On my way to becoming who I am today, I had to overcome a lot of obstacles and challenges. My biggest one presented itself during my junior year of college and started with a good old-fashioned injury. What followed after, however, really changed my life forever.
The Early Days
The injury forced me to sit out almost all of my indoor season. Towards the end of it, I tried to force a comeback. Little did I know at that time, but I wish I would have not done so. The following outdoor season was rocky, to say the least. I came back at approximately 70% but was never able to reach full speed. To top it all off, I crashed and fell during the finals of the 110m hurdles at the B1G championships, hurting myself even further.
While the injury was painful and caused physical problems, it impacted me mentally a lot more. “Frustration towards everything” is the best way to describe what I was feeling during that time. The frustration manifested itself in many different ways as I kept running. You see, before the injury, I felt like I had a chance to be an All-American and fight for a national championship against the top hurdlers in the nation. After the injury, however, I wondered if I should come back at all. I was struggling to cope with the situation.
My First Encounter With Depression
Eventually, I got encouraged to go see the sports therapist at Nebraska to explore if my problems are caused by something deeper. As our meetings continued, he diagnosed me with depression. At the time, I just shrugged it off. I didn’t really grasp the magnitude of it and continued to just deal with it how I did before. I started distancing myself from my friends, lost relationships that I cherished, and barely talked to my family anymore. The same lifestyle continued all the way through the following offseason. I even carried it with me into my senior year and wasn’t performing well at first because of it.
Despite winning some events, nothing felt satisfying and with each race, I just became angrier. I felt like all these years of running were worthless. I was performing well, don’t get me wrong. I would win some races and even record season-best times. But inside, the frustrations just continued to grow. It made me think that all those practices where I couldn’t feel my legs and filled trash cans with puke were pointless.
The Downward Spiral
Slowly but surely, the depression transferred into other areas of my life. Not just track. My grades started slipping, my social life was non-existent and I didn’t take care of myself physically or mentally. I continued to sink more and more into this mindset of ‘why even bother’. In front of people, I would only show the anger that I felt and tried to cover it up with smiles and laughs. When I was alone, however, I couldn’t hold it in. I would lash out, cry, and even think about self-harm.
It’s hard to even talk about it but I got to the point where I decided to take my own life. September 25, 2022, was the last day I wanted to be here on earth. I used that date as an excuse to turn away from a lot of my problems. Regardless of the problem, I knew that I wouldn’t have to deal with it for long. I just couldn’t see anything ahead of me anymore and only saw darkness. I would joke and laugh about it a lot in public and on social media because why not laugh at my own pain.
My Saving Grace
The moment that turned my life around was when my high school hurdles coach, Stephanie Stephenson, talked to me one day. She told me that she read my tweets and talked to me about it. It literally took everything inside of me to not cry in front of her. She made sure that I was okay and shared her own struggles and honestly, I never felt such a heavy weight fall of my heart.
That day, I realized that there are a lot of people in my life that want to see me keep going and march forward. This encounter may have not changed me immediately, but I started my journey to recovery.

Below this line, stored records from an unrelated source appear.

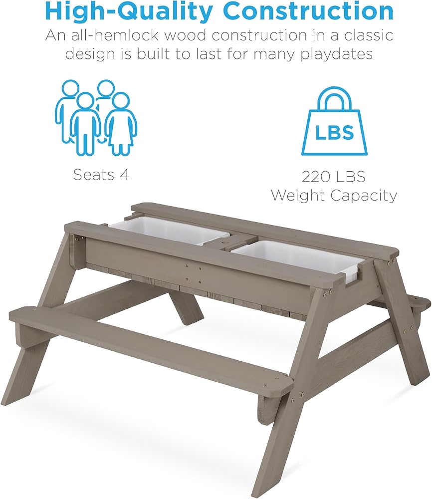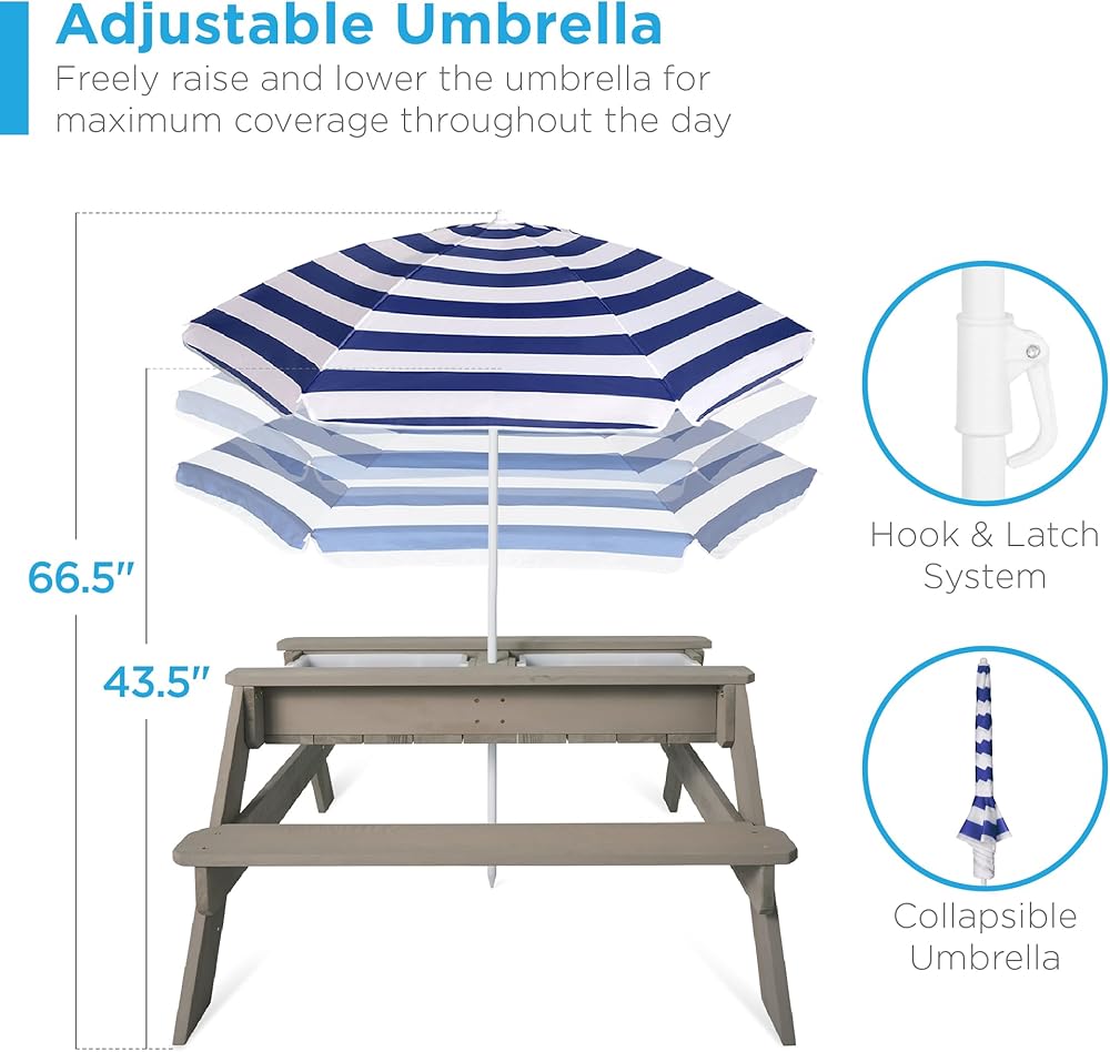 تصميم 3 في 1: قم بإزالة سطح الطاولة لتكشف عن صندوقي أنشطة بلاستيكيين وحوّل مجموعة النزهة هذه إما إلى طاولة رملية أو طاولة مياه! ملحوظة: يُباع الرمل المخصص للعب بشكل منفصل
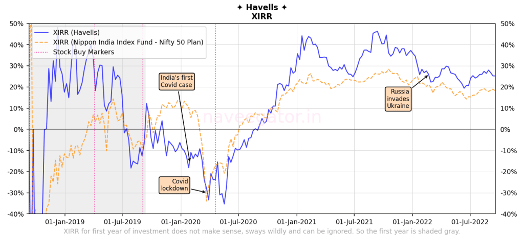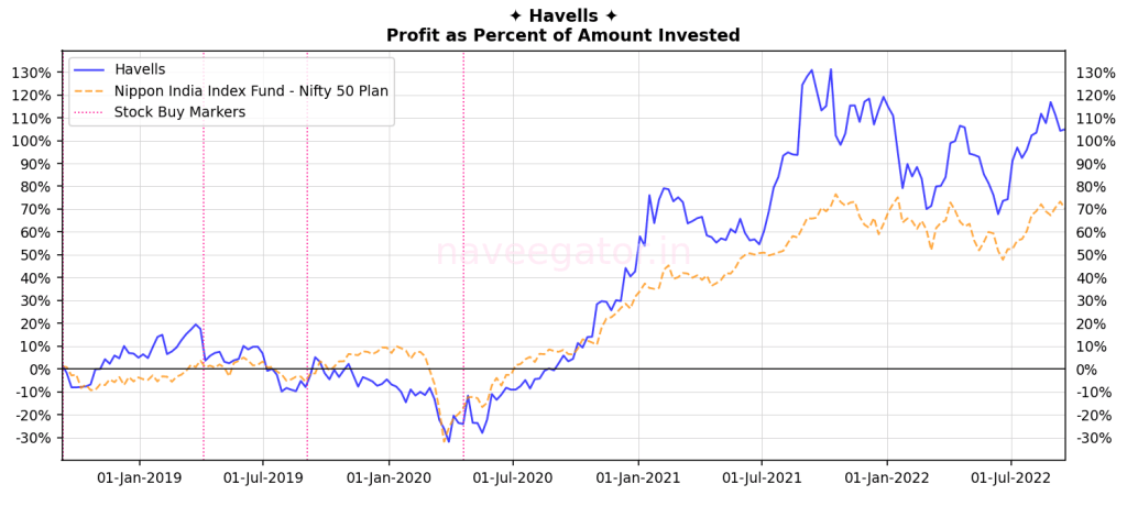 I have been incredibly lucky with my investment in Havells. With 25% XIRR I have beaten the Nifty 50 Index by a comfortable margin. But then it is because of this outperformance I have been a bit hesitant to invest more in this stock. I have not invested in this stock since last two years and the share price’s sideways movement has meant that the outperformance over Nifty 50 Index has shrunk over the last year.
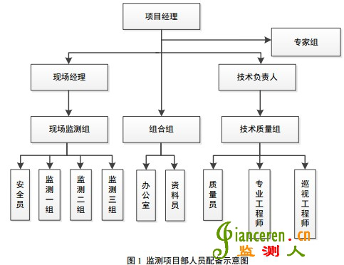 在敘述完監(jiān)測(cè)技術(shù)保證措施后,本部分應(yīng)對(duì)如何合理優(yōu)化配置相關(guān)人員,以滿足監(jiān)測(cè)工作要求, 同時(shí)兼顧經(jīng)濟(jì)原則進(jìn)行詳細(xì)介紹。建議本部分參考投標(biāo)文件中相關(guān)人員信息,通過(guò)項(xiàng)目部人員組織架構(gòu)圖與人員信息列表的形式進(jìn)行編寫(xiě),具體形式可參考圖 3.1 及表 3.5。
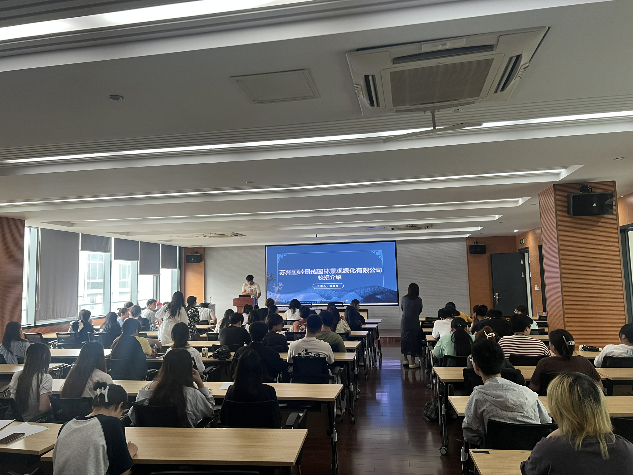為深入貫徹落實教育部關(guān)于做好2025屆高校畢業(yè)生就業(yè)創(chuàng)業(yè)工作的相關(guān)要求,為用人單位和畢業(yè)生搭建高效、精準(zhǔn)的雙向選擇平臺,全力促進2025屆畢業(yè)生順利畢業(yè)、盡早就業(yè)。園林工程學(xué)院園林工程技術(shù)教研室于2025年6月13日在園林技術(shù)館227多功能廳召開2025屆高校畢業(yè)生春季促就業(yè)專場招聘會。此次招聘會邀請?zhí)K州恒睦景成園林景觀綠化有限公司來校宣講,會議由園林工程技術(shù)專業(yè)負責(zé)人戴群主持,園林工程學(xué)院副院長鞠鵬杰,園林工程技術(shù)教研室主任楊洋、專業(yè)骨干教師及園林工程技術(shù)專業(yè)25屆畢業(yè)生、23級在校生共同參加此次會議。
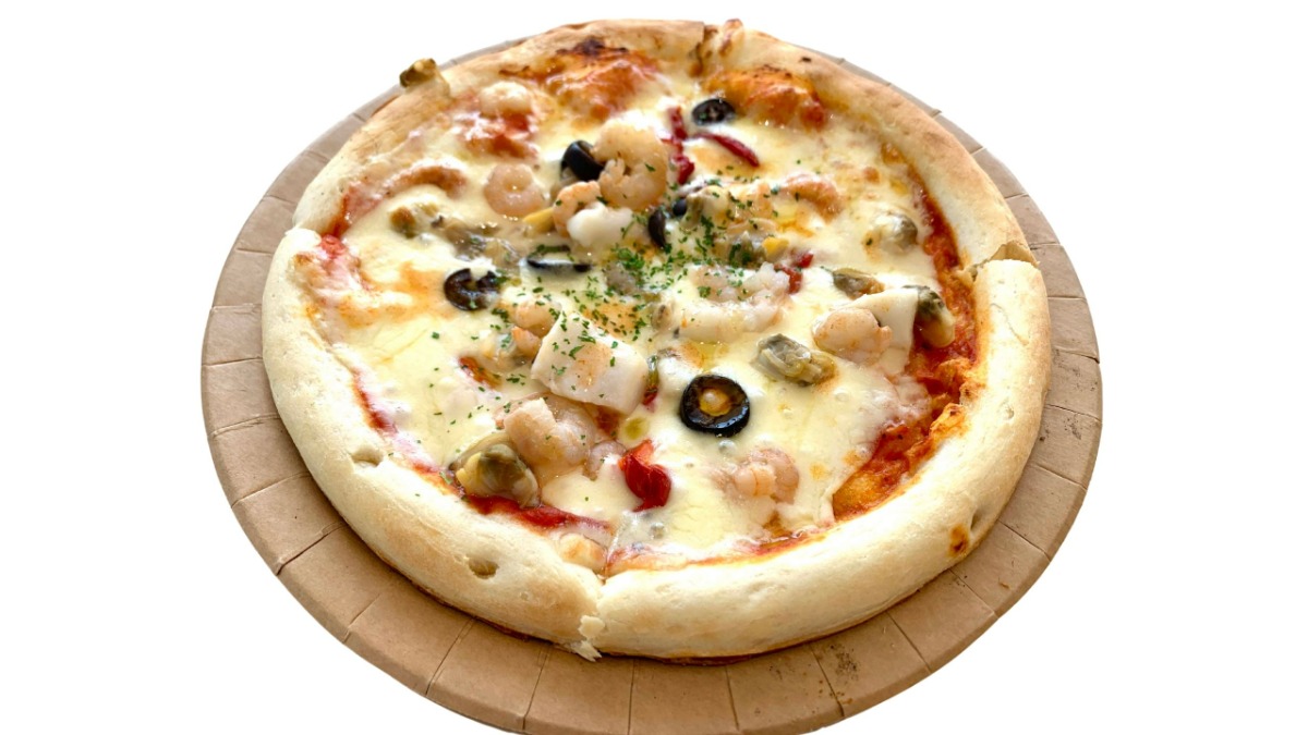 薄めのピザ生地の上に、イカや貝、エビなどシーフードをたっぷりとのせた人気メニュー。

A few months later, I can say with 100% confidence that I don’t want to take my own life anymore.
This is the time that I need to thank all my teammates, coaches, friends and family that had to deal with all the frustration I had built up. When I turned away from them, they stayed right there and welcomed me back with open arms. My family made me aware that I have people that pray for me every day. My teammates and friends here in Nebraska assured me that I’m not alone and that they’ll lift me up whenever I fall. My coaches guided me to the path I needed to be on to become the greatest I could be.

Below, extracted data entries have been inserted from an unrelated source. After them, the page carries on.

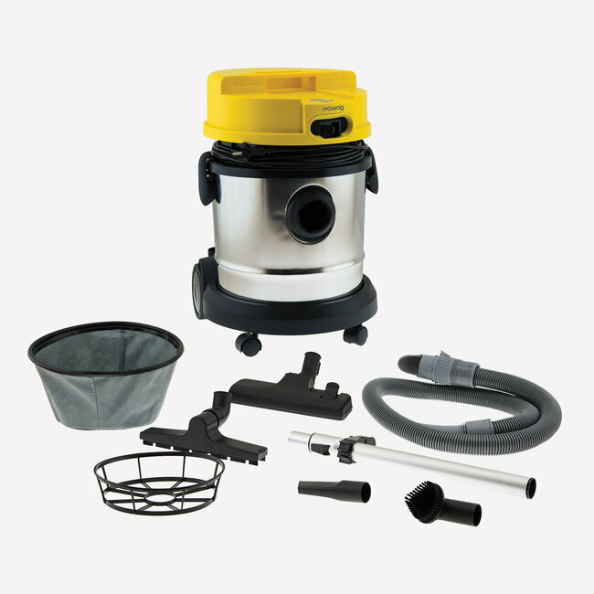 Découvrez un aspirateur cuve en acier de 20 litres, sans sac, doté d'une puissance impressionnante de 1200 watts.
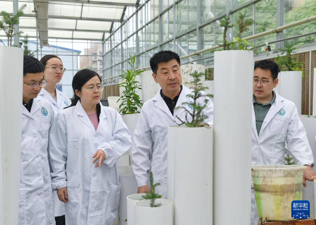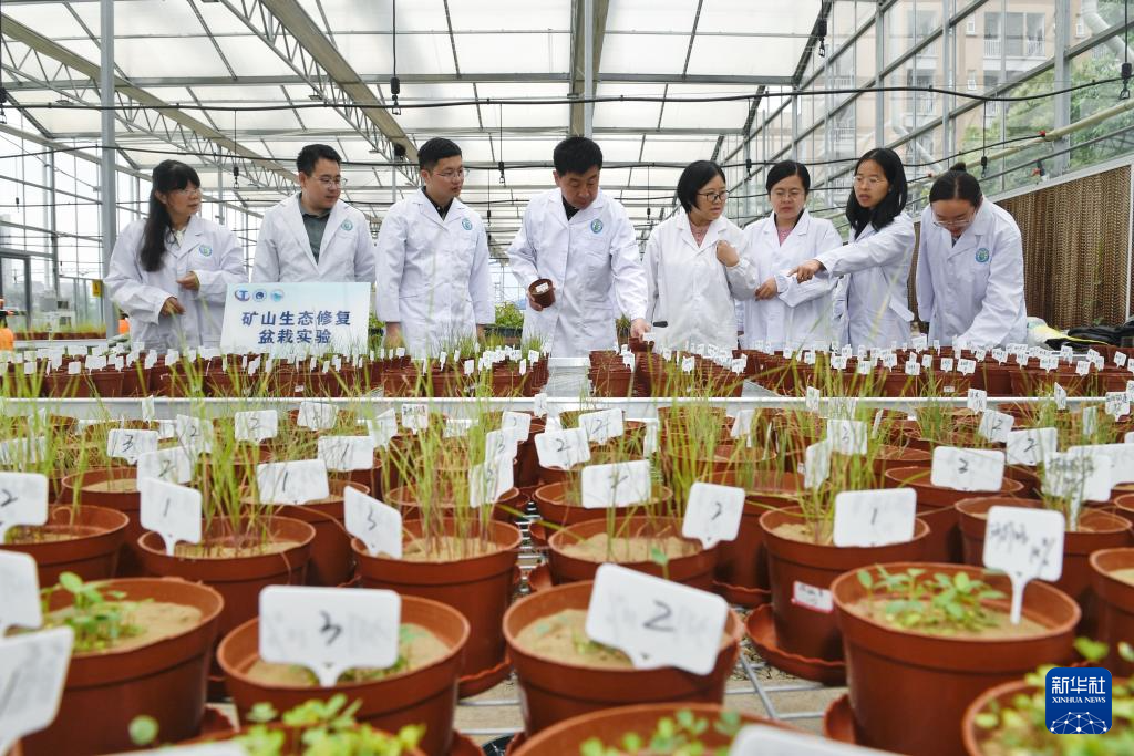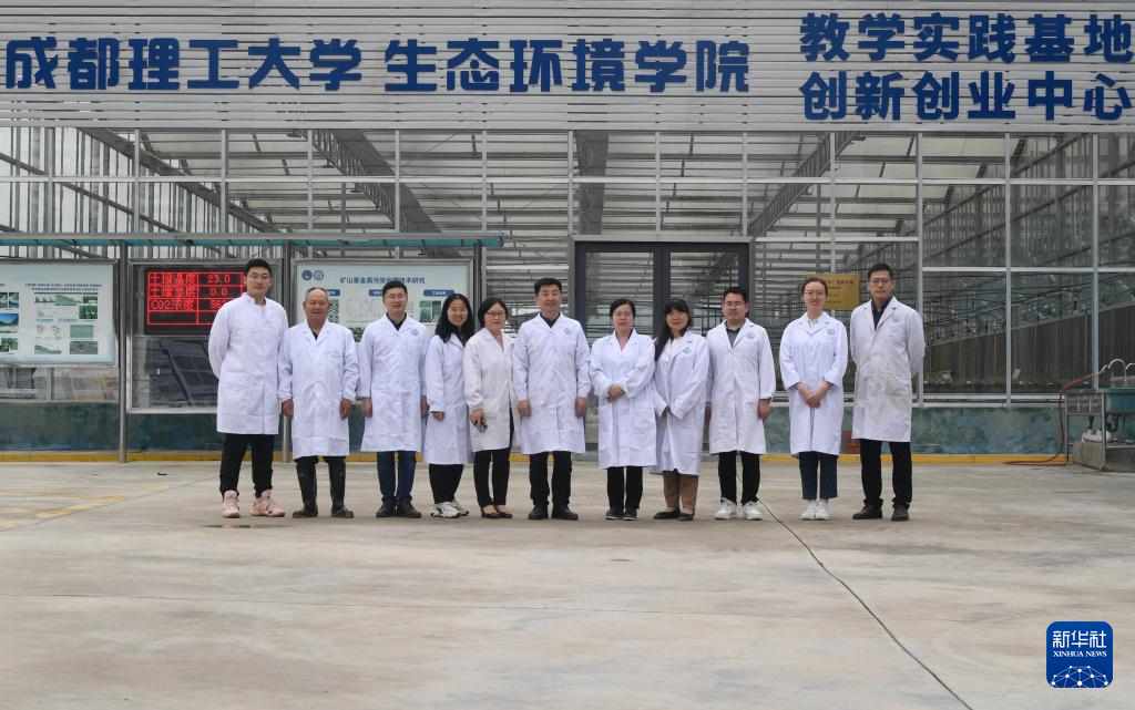 4月20日,在成都理工大学生态环境学院教学实践基地内,裴向军(左四)及团队成员在讨论矿山生态修复盆栽实验。
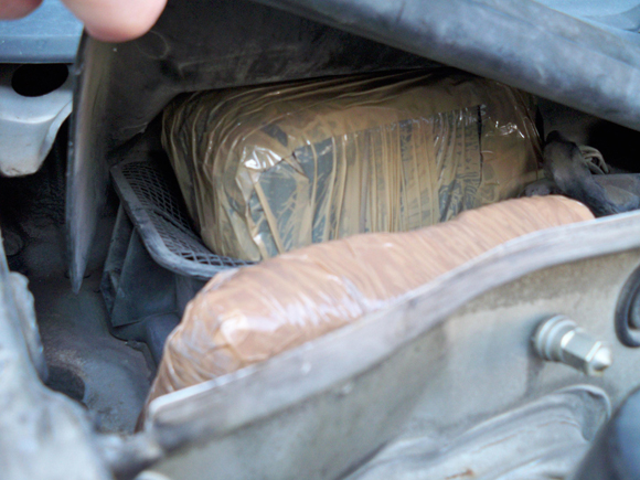 Κατά τη διάρκεια της αστυνομικής επιχείρησης πραγματοποιήθηκε έρευνα, με τη συνδρομή αστυνομικού σκύλου, στο Ι.Χ.Ε. αυτοκίνητο που οδηγούσε βρέθηκαν στο φίλτρο αέρα του κινητήρα και στον εμπρόσθιο θόλο εσωτερικά του καπό τέσσερα δέματα που περιείχαν ηρωίνη, συνολικού βάρους δύο κιλών και 80 γραμμαρίων.

I stopped letting my frustration dictate my actions and emotions. It felt like someone lifted two tons off my heart. I got faster than I could ever imagine and grabbed every accomplishment that was in reach. Every step I took felt like someone was pushing my back, cheering for me to win another race. All in all, I have to say from being the B1G Indoor Athlete of the Year, to Nebraska’s Athlete of the Year, to my NCAA runner-up accolades for the 60-meter hurdles race indoors, the people around me deserve all the praise that the world has to offer. I wouldn’t have been able to step out of my darkness without them.
My advice to all of you. Check on your friends and family regularly and be there for them. You never know what impact your little actions and words can have.